Provided data:
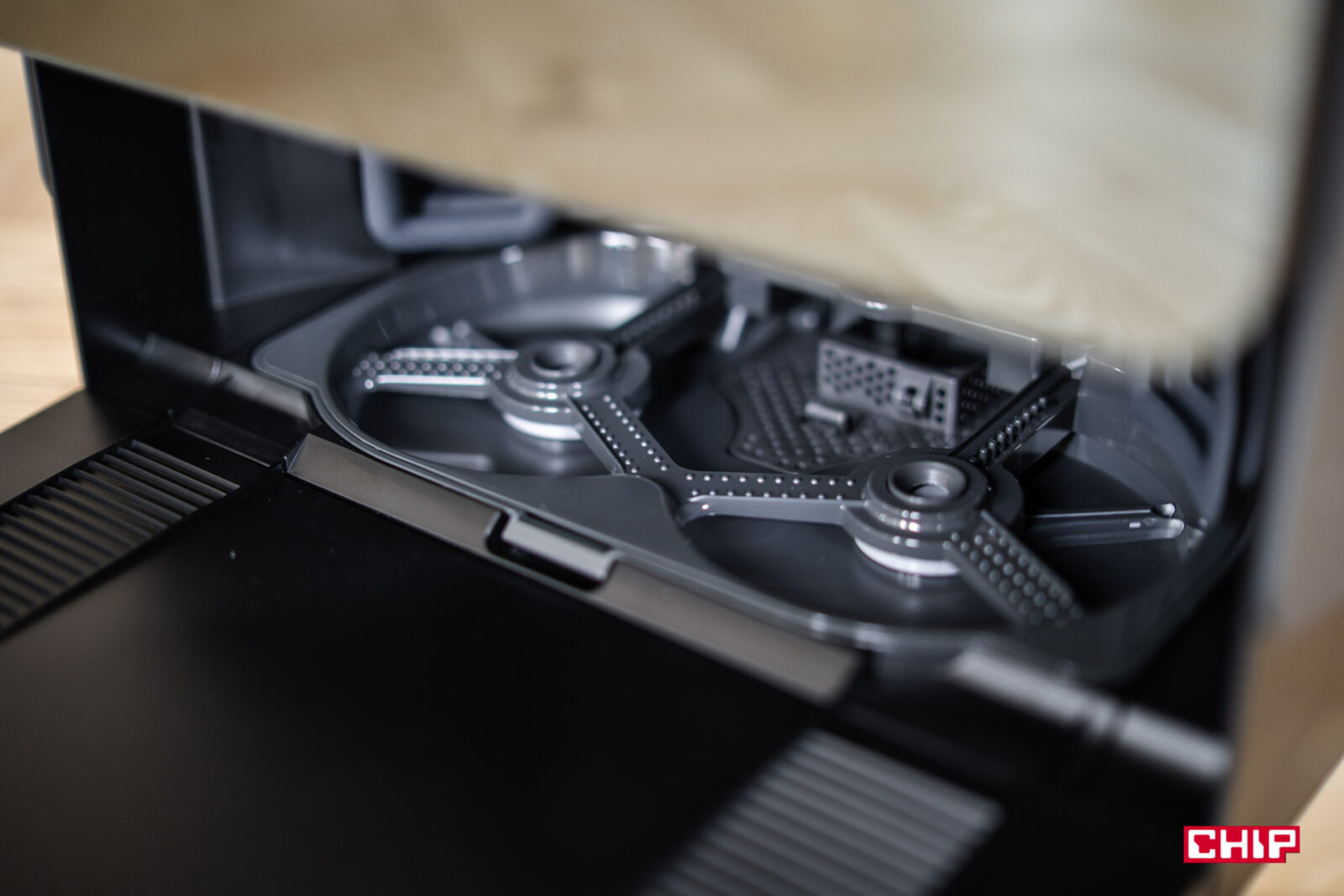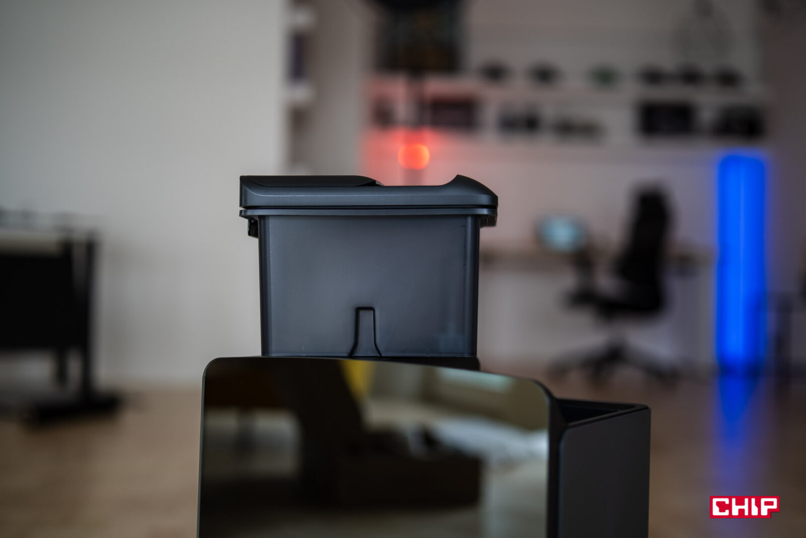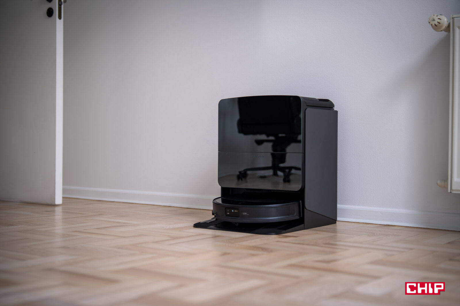 Po skończeniu sprzątania robot udaje się do stacji dokującej, gdzie opróżnia pojemnik na zabrudzenia oraz płucze (w temperaturze 80 stopni Celsjusza), a następnie suszy (w temperaturze 55 stopni Celsjusza) podkładki mopujące. Dzięki czemu nie musimy ich prać ręcznie, wszystko dzieje się bez naszej ingerencji. Musimy tylko dolewać wodę do pojemnika na wodę czystą, opróżniać pojemnik z wodą brudną oraz ewentualnie dolewać detergentu, ale ten jest bardzo wydajny i starcza na długi czas. Wielki plus za to, że pojemniki na wodę są niewysokie, bo w przypadku niektórych robotów jest problem ze zmieszczeniem ich pod kran, jeśli mamy niżej zamontowany. W przypadku Roborocka Saros 10R pojemniki na wodę powinny wejść pod niemal każdy kran.
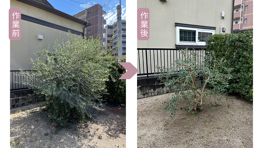 作業前写真の左端にあるのは高さ2mのオリーブです。
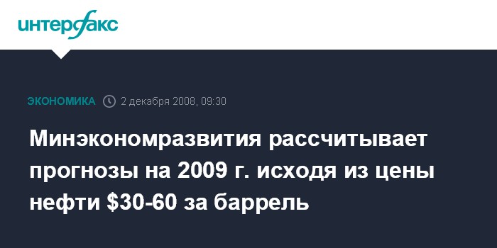 Минэкономразвития рассчитывает прогнозы на 2009 г. исходя из цены нефти $30-60 за баррель
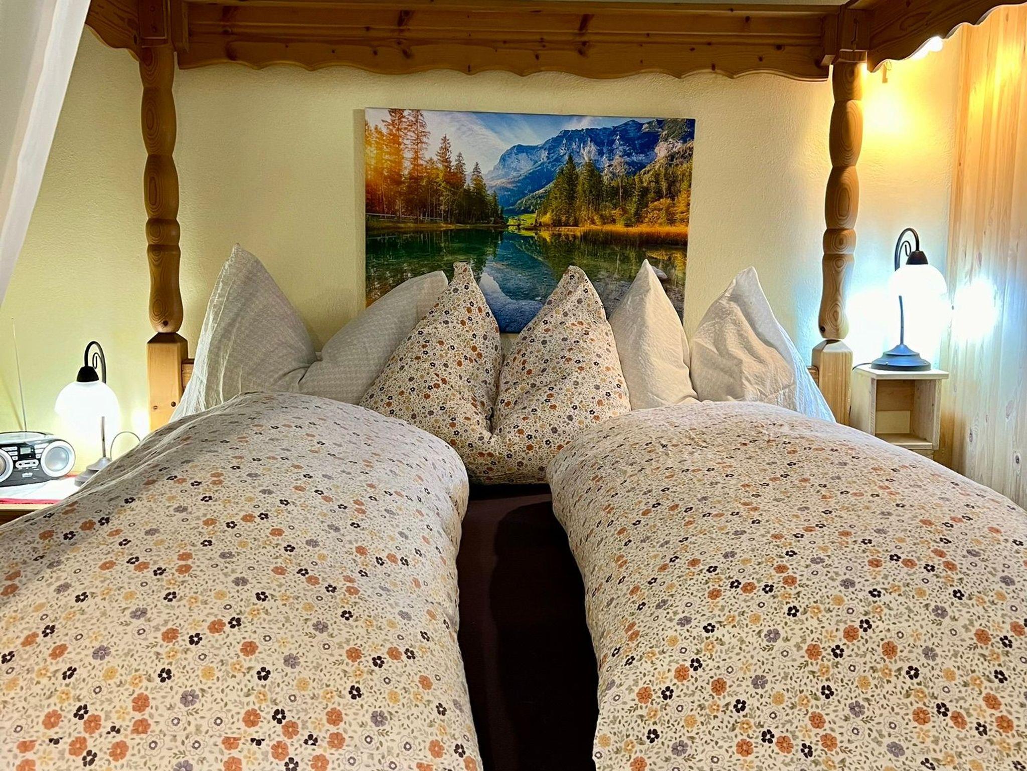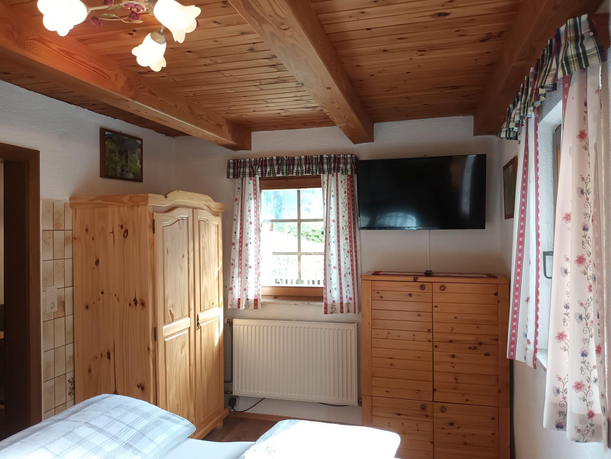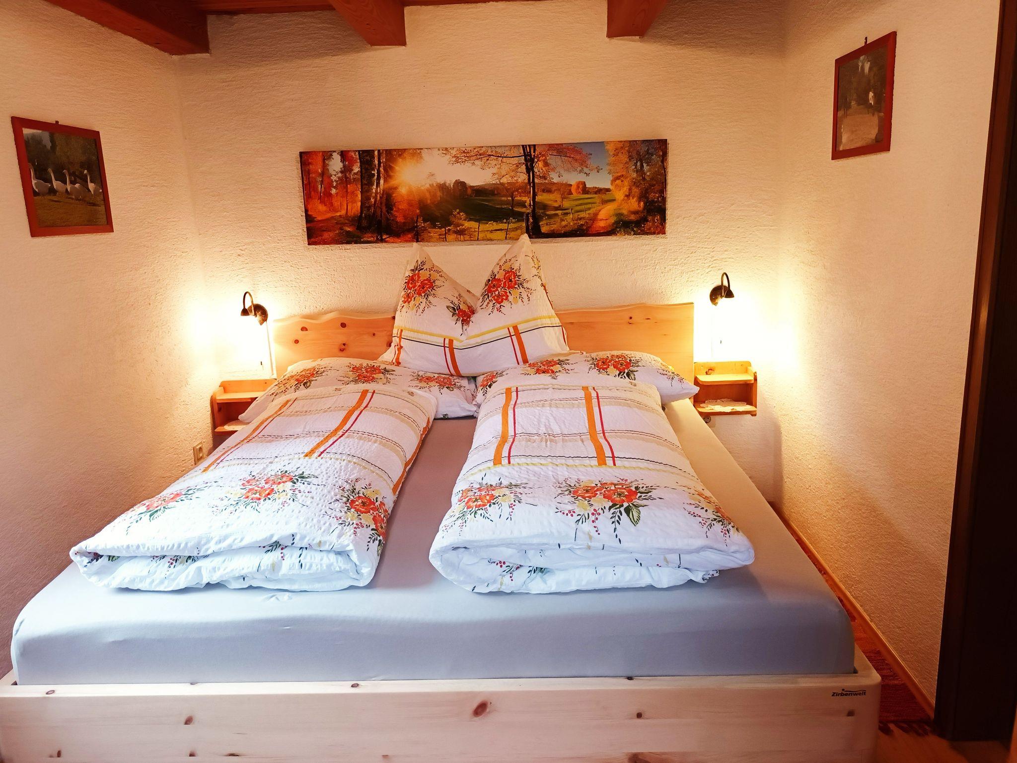 Zweibettzimmer mit Zirbenbett, Kommode, Schrank und Flachbild-TV.

Description of the task: When copying the material, leave every image behind and keep each line verbatim.

The completed task:
 Po skończeniu sprzątania robot udaje się do stacji dokującej, gdzie opróżnia pojemnik na zabrudzenia oraz płucze (w temperaturze 80 stopni Celsjusza), a następnie suszy (w temperaturze 55 stopni Celsjusza) podkładki mopujące. Dzięki czemu nie musimy ich prać ręcznie, wszystko dzieje się bez naszej ingerencji. Musimy tylko dolewać wodę do pojemnika na wodę czystą, opróżniać pojemnik z wodą brudną oraz ewentualnie dolewać detergentu, ale ten jest bardzo wydajny i starcza na długi czas. Wielki plus za to, że pojemniki na wodę są niewysokie, bo w przypadku niektórych robotów jest problem ze zmieszczeniem ich pod kran, jeśli mamy niżej zamontowany. W przypadku Roborocka Saros 10R pojemniki na wodę powinny wejść pod niemal każdy kran.
 作業前写真の左端にあるのは高さ2mのオリーブです。
 Минэкономразвития рассчитывает прогнозы на 2009 г. исходя из цены нефти $30-60 за баррель
 Zweibettzimmer mit Zirbenbett, Kommode, Schrank und Flachbild-TV.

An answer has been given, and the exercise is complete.